▸ **What is needed**
Give back exactly the lines from the beginning of the listing below to the line holding "Girls Cartoon Dinosaur", both ends included; the pictures stay out.

▸ **Data segment**
[Start of Attachment]

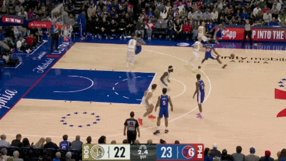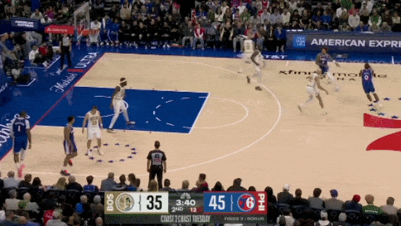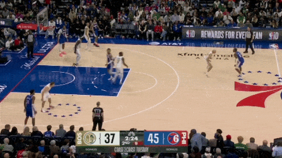 对阵76人的比赛,他防守马克西时,速度丝毫不落下风,用身体挡住马克西的突破方向,然后高举手臂干扰马克西投篮,
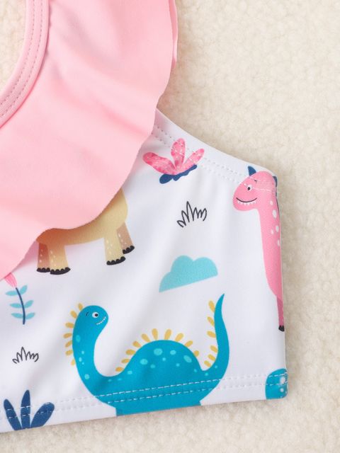 Girls Cartoon Dinosaur Ruffle Trim Asymmetrical Neck Ruffle Hem Bikini Swimsuit Lynks Shop is a popular picture for sexy and hot.
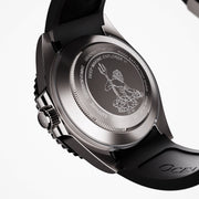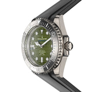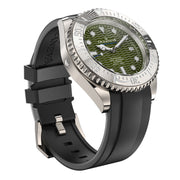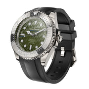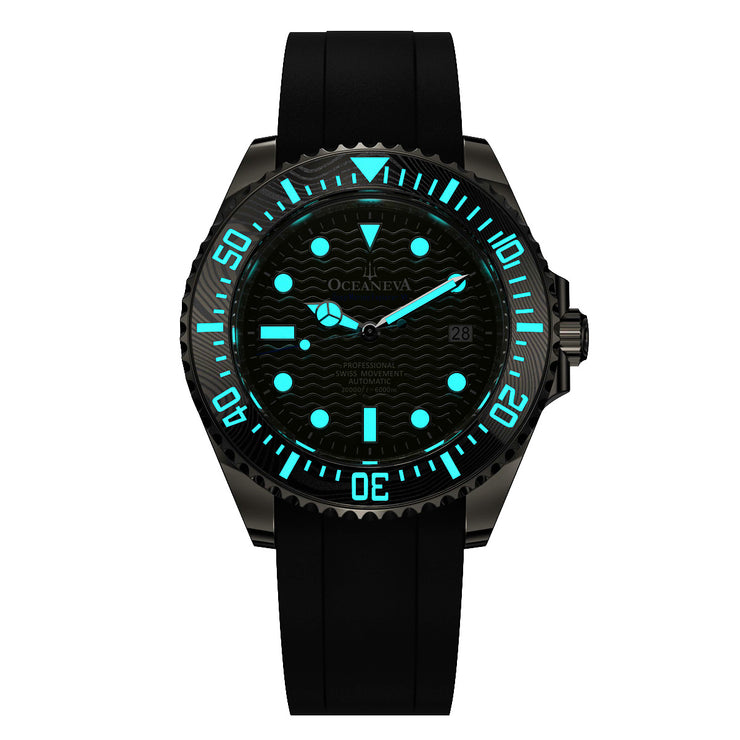 The case is constructed from Grade 5 titanium, which is over twice as strong and hard as stainless steel while remaining 40% lighter, offering superior durability and comfort. Powered by the Swiss-made SW200 automatic movement with 26 jewels and a 38-hour power reserve, the watch delivers exceptional precision and reliability. A unidirectional bezel forged from Damascus-patterned 304 and 316L stainless steel adds visual depth and is enhanced with Grade A Swiss Super-LumiNova for high visibility in dark environments. The gradient wave-pattern dial evokes the spirit of the ocean, complemented by luminous stainless steel hands and a blue-tipped sweeping seconds hand. A 6mm slightly domed sapphire crystal ensures clarity and scratch resistance, while a helium escape valve provides essential protection for saturation diving. Completing the watch is a high-grade German FKM rubber strap with a polished titanium buckle secured by a screw-in mechanism—offering both style and confidence for any adventure.

[End of Attachment]

▸ **Answer box**
 对阵76人的比赛,他防守马克西时,速度丝毫不落下风,用身体挡住马克西的突破方向,然后高举手臂干扰马克西投篮,
 Girls Cartoon Dinosaur Ruffle Trim Asymmetrical Neck Ruffle Hem Bikini Swimsuit Lynks Shop is a popular picture for sexy and hot.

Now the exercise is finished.